Offender database a "masterclass" in sloppy management

Project to track all criminals in the UK from sentence to release is three years overdue and has increased in cost from £234m to £690m

The database was intended to track prisoners

A multimillion-pound database of offenders has been slammed by the government spending watchdog as in a “class of its own” amid a litany of troubled Whitehall IT projects.

The project to track all criminals in the UK from sentence to release is three years overdue and has almost trebled in cost from £234m to £690m.

Edward Leigh, chairman of the Public Accounts Committee, branded the system, known as C-NOMIS, as a “masterclass in sloppy project management”.

“Following blunder after blunder by senior managers, the programme clocked up delays of three years and forecast project costs had trebled," he said.
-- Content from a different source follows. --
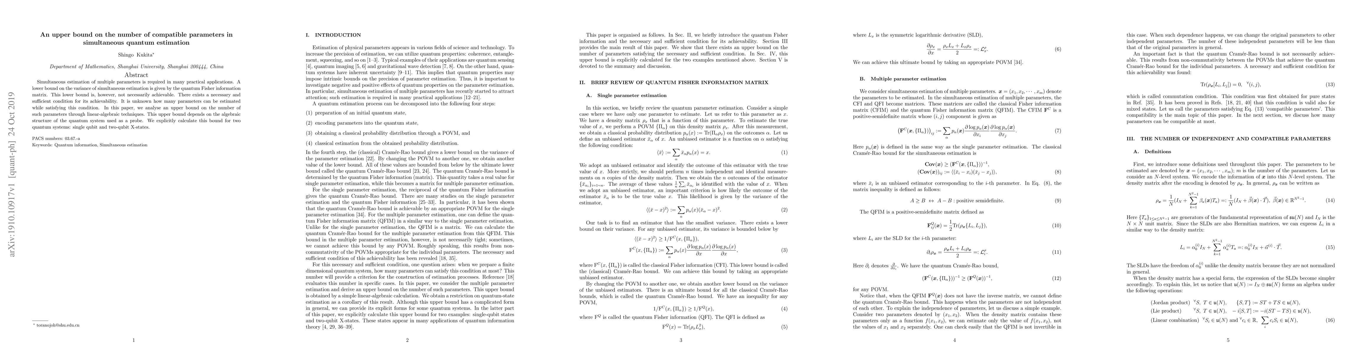 Simultaneous estimation of multiple parameters is required in many practical applications. A lower bound on the variance of simultaneous estimation is given by the quantum Fisher information matrix. This lower bound is, however, not necessarily achievable. There exists a necessary and sufficient condition for its achievability. It is unknown how many parameters can be estimated while satisfying this condition. In this paper, we analyse an upper bound on the number of such parameters through linear-algebraic techniques. This upper bound depends on the algebraic structure of the quantum system used as a probe. We explicitly calculate this bound for two quantum systems: single qubit and two-qubit X-states.

“All this mess could have been avoided if good practice in project management had been followed.”

The National Audit Office (NAO), which reports to the committee, blamed the project's abandonment on poor management at the National Offender Management Service (NOMS), which was set up in 2004 as part of the Home Office but later became part of the Ministry of Justice.

The project was behind schedule within two years. The report highlights failings including inadequate oversight by senior officials in NOMS.

"Roles and responsibilities were blurred, in particular financial accountability was unclear, and insufficient skilled resource was applied to the project," the report said.

In addition, the main supplier contracts were designed in such a way that sufficient pressure could not be brought to bear on suppliers to deliver to time and cost.

In January 2008, the National Offender Management Service began work on a rescoped programme with five separate systems instead of the original single central one. The revised project had an estimated lifetime cost of £513m and a delivery date of March 2011.

The NAO concluded that although the revised programme of IT systems would deliver improvements over existing ones, the main aim of supporting end-to-end offender management "would not be fulfilled".

NAO head Tim Burr said the whole initative had been expensive and unsuccessful.

"These problems could have been avoided if the National Offender Management Service had established realistic budget, timescales and governance for the project at the start and followed basic project management principles in its implementation," he said.